:: EXERCISE DESCRIPTION ::
Retype, exactly and with nothing added, the lines from the one showing "Top view with hard-top closed" through the final line of the material. Omit pictures.

---- DATA SUPPLIED

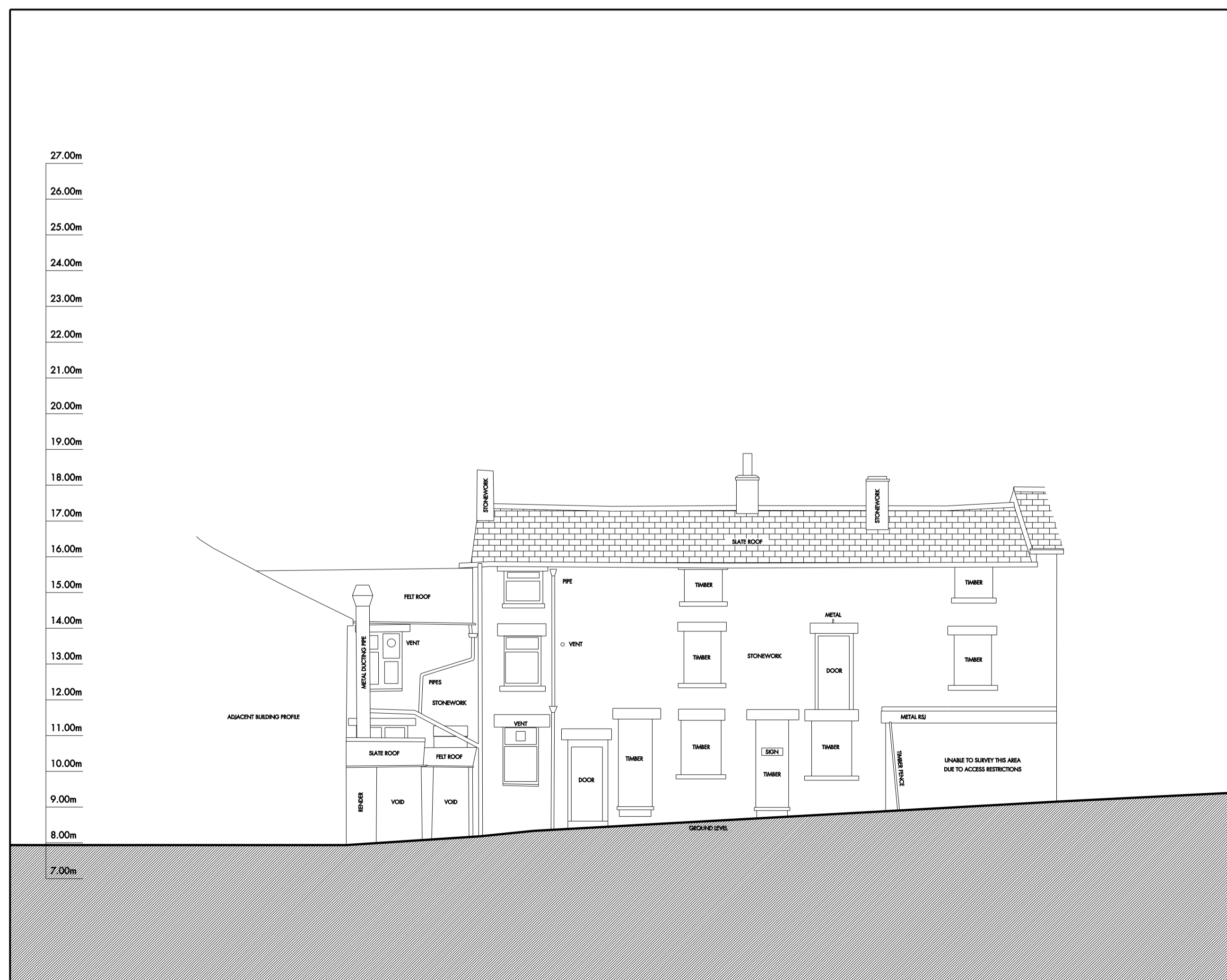
EXISTING ELEVATION D - D

REV D 27.04.07 ISSUED TO LANCASTER CITY COUNCIL CK
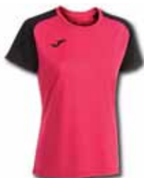
501 RASPBERRY/ BLACK
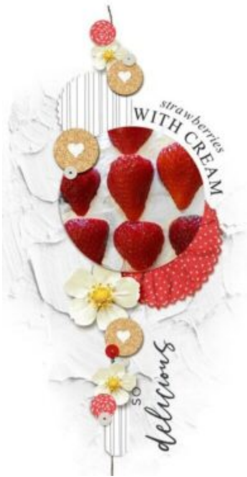
Layout by Jen
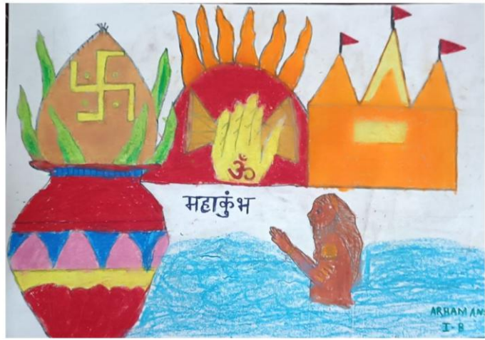
ARHAM ANSARI: I-B
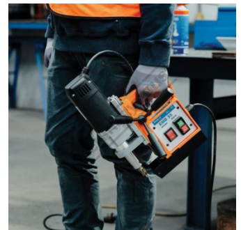
Action Carry Handle
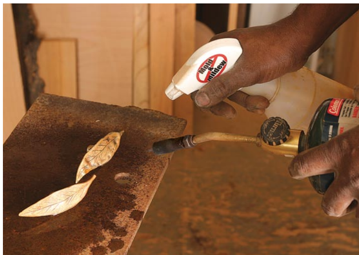
A quick patina. Heating the pull with a propane torch and then spraying on diluted chemicals can give the metal a range of colors.
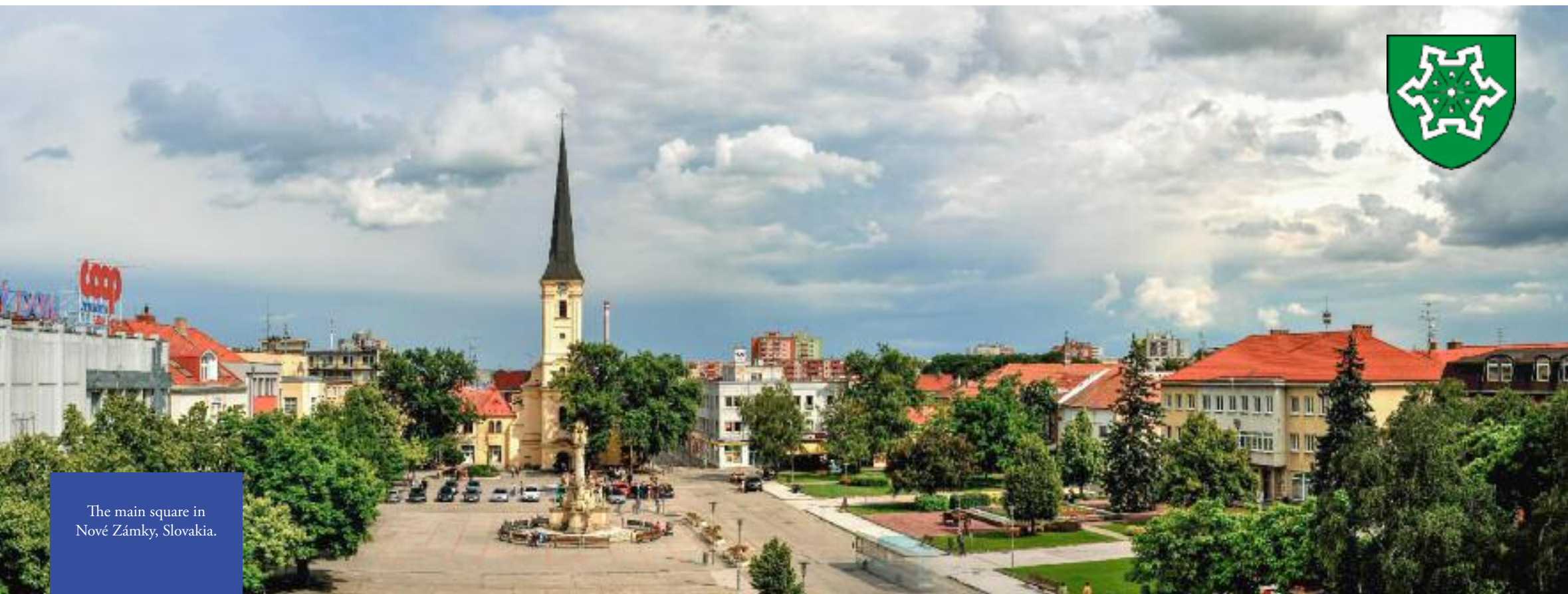
The main square in Nové Zámky, Slovakia.

Nové Zámky was represented at an exhibition called Spring in Newcastles 2017 in Nové Hradky. In the future, Nové Zámky plans to participate in other projects with Newcastles of the World.
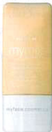
Myface Mymix Foundation in Fair, £12.71 From Boots.
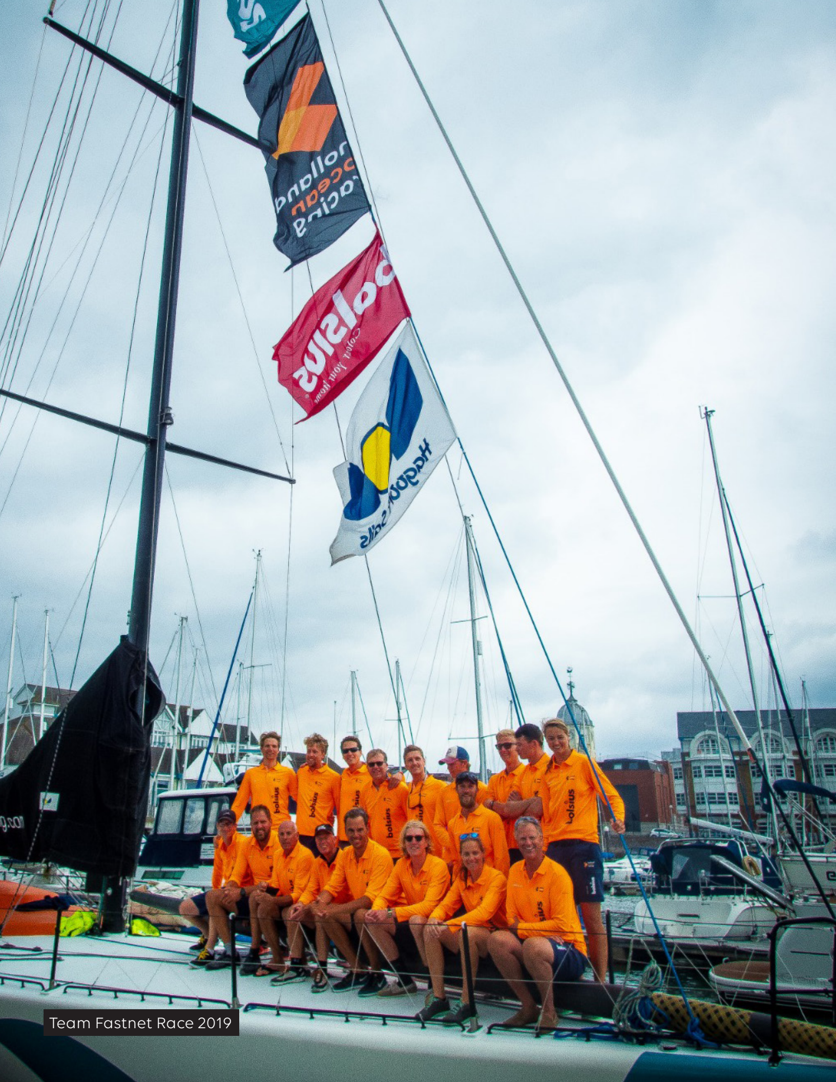
Team Fastnet Race 2019
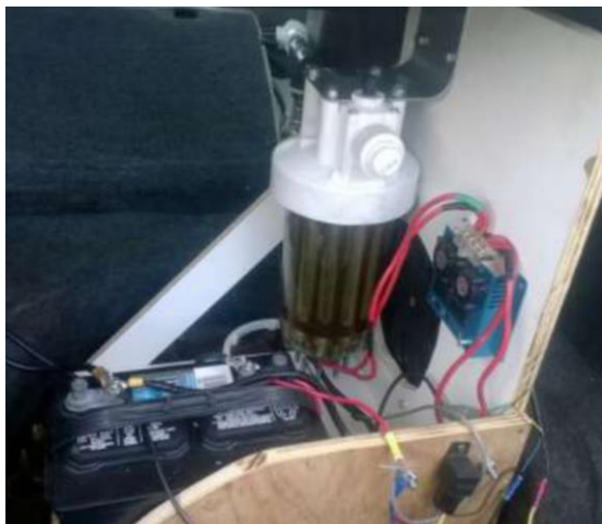
Fig 5: Finished Generator in Trunk

To accomplish “Plan A”, running the engine just with hydroxy gas, installation was very complicated. The fuel rail had to be disconnected from the fuel line to be connected to the new hydroxy gas line, also one of the sides had to be sealed in order to avoid any loses of the gas. At the same time, the fuel pump relay was removed to prevent the pump to work and avoid any leak of gasoline. For “Plan B”, running the engine on gasoline and hydroxy gas at the same time, installation became fairly simple. The hose was connected straight to the air intake manifold.
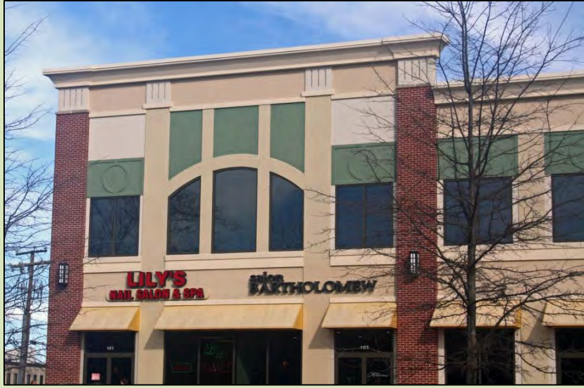
Two views of a Shopping Center near Willow Lawn, Henrico, VA
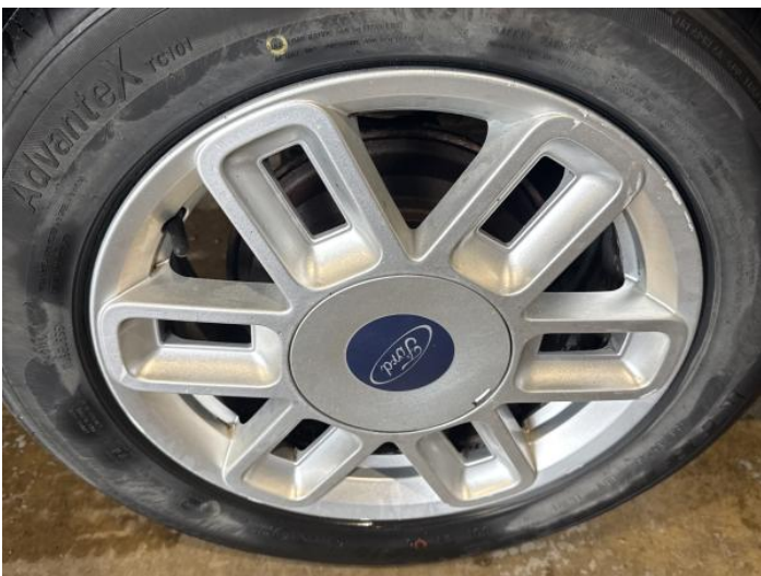
19: Wheel osr Scratched Over 50mm
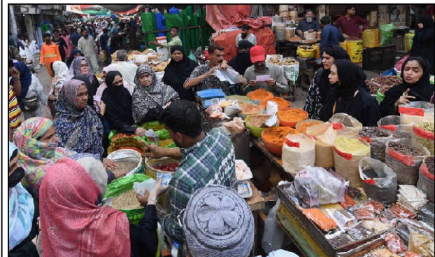
KARACHI: A vendor sells spice at a wholesale market in Karachi. Pakistan's weekly inflation rose by 0.09 percent ahead of Ramadan, ending three weeks of decline, with the Sensitive Price Index (SPI) reaching 333.79 points, according to the Pakistan Bureau of Statistics (PBS). Tomato, onion, and diesel prices increased, while wheat flour and eggs declined. Inflation rose across most income groups, recording a 4.84 percent annual increase.

With climate change, water scarcity, and land degradation increasingly threatening food security,
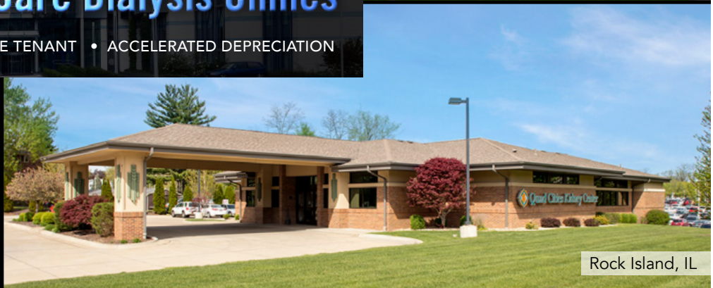
Rock Island, IL
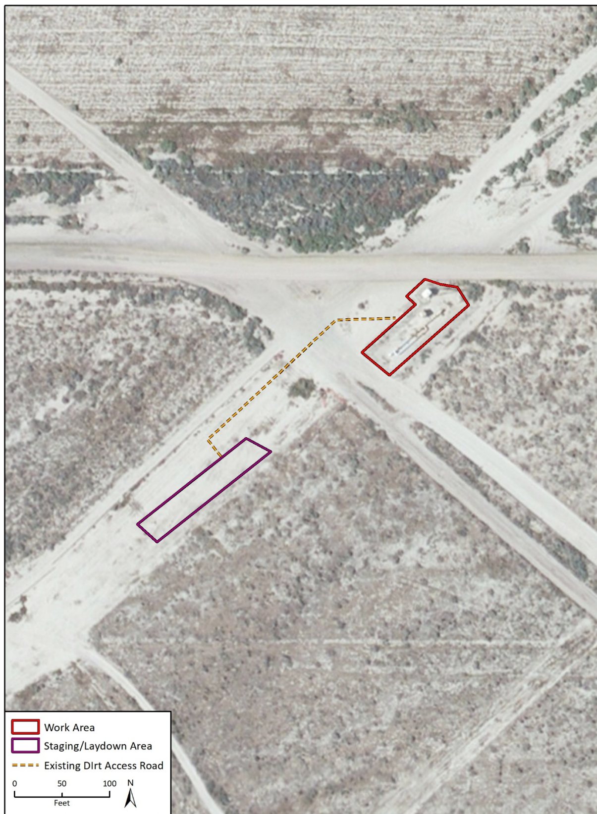
Figure 2 Project Location Detailed Map
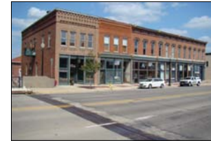
"Big Six" Rehabilitation, Waverly
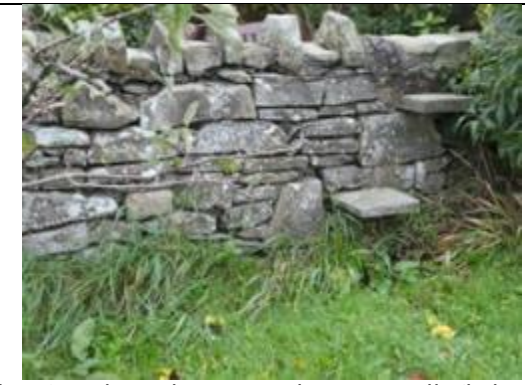
(above) traditional gritstone dry stone wall; (below) overgrown hedge along east of field
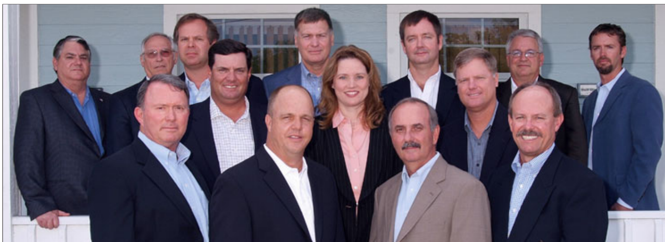
2008-2009 Gulf Citrus Growers Association Board of Directors

Each of these leaders is a volunteer, and is working on behalf of the collective benefits of all the citrus growers in the region. Please thank and support them during the coming season.
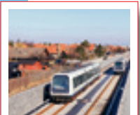
New stations On September 28 this year five new Metro stations open on east Amager.
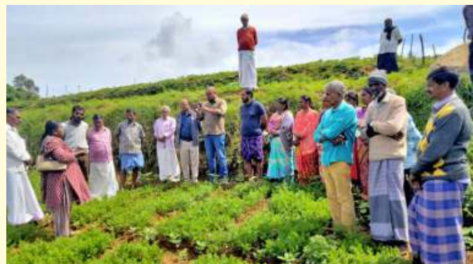
Meeting with farmers
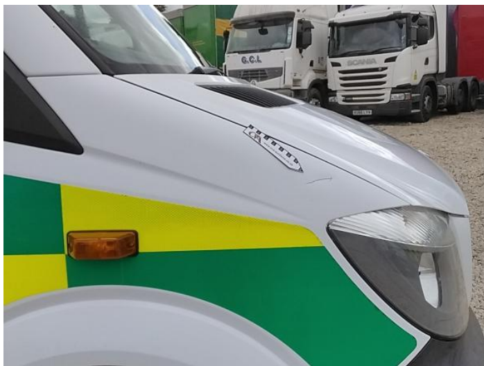
1: Wing of Scratched Over 25mm Thru Paint
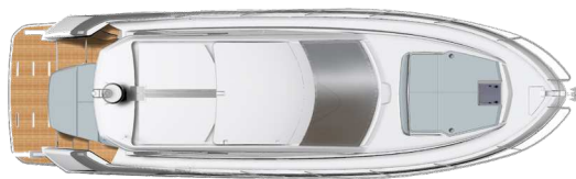
Top view with hard-top closed
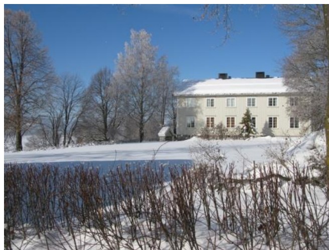
The «Kitchen building»
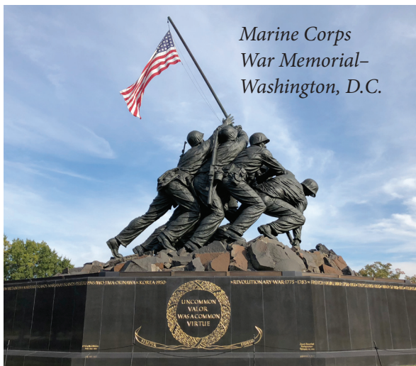
Marine Corps War Memorial—Washington, D.C.

The Nebraskans of World War II Scholarship Fund was created to memorialize the brave men and women who served their country fighting for the freedoms of millions of people.
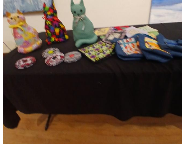
Fundraising Fun May 2026
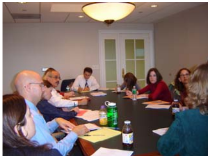
VIP Custody Training at Pro Bono Opportunities Day

Generously hosted by Montgomery McCracken Walker and Rhoads, PBOD '07 inspired and educated more than sixty lawyers who were new to pro bono work. Trainers from Ballard Spahr Andrews & Ingersoll, Community Legal Services, Cozen O'Connor, Fox Rothschild, and the Law Offices of Michael E. Fingerman
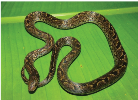
34 Atractus major COLUBRIDAE Brown Ground Snake JDV
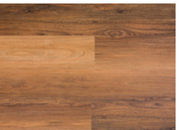
Mountain Ash Spotted Gum* CAS76813 Stringybark Spotted Gum* CAS76802
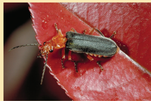
Soldier beetle adults eat mostly aphids; their larvae are soil-dwelling.

--------

:: WRITTEN RESPONSE ::
Top view with hard-top closed
The «Kitchen building»
Marine Corps War Memorial—Washington, D.C.

The Nebraskans of World War II Scholarship Fund was created to memorialize the brave men and women who served their country fighting for the freedoms of millions of people.
Fundraising Fun May 2026
VIP Custody Training at Pro Bono Opportunities Day

Generously hosted by Montgomery McCracken Walker and Rhoads, PBOD '07 inspired and educated more than sixty lawyers who were new to pro bono work. Trainers from Ballard Spahr Andrews & Ingersoll, Community Legal Services, Cozen O'Connor, Fox Rothschild, and the Law Offices of Michael E. Fingerman
34 Atractus major COLUBRIDAE Brown Ground Snake JDV
Mountain Ash Spotted Gum* CAS76813 Stringybark Spotted Gum* CAS76802
Soldier beetle adults eat mostly aphids; their larvae are soil-dwelling.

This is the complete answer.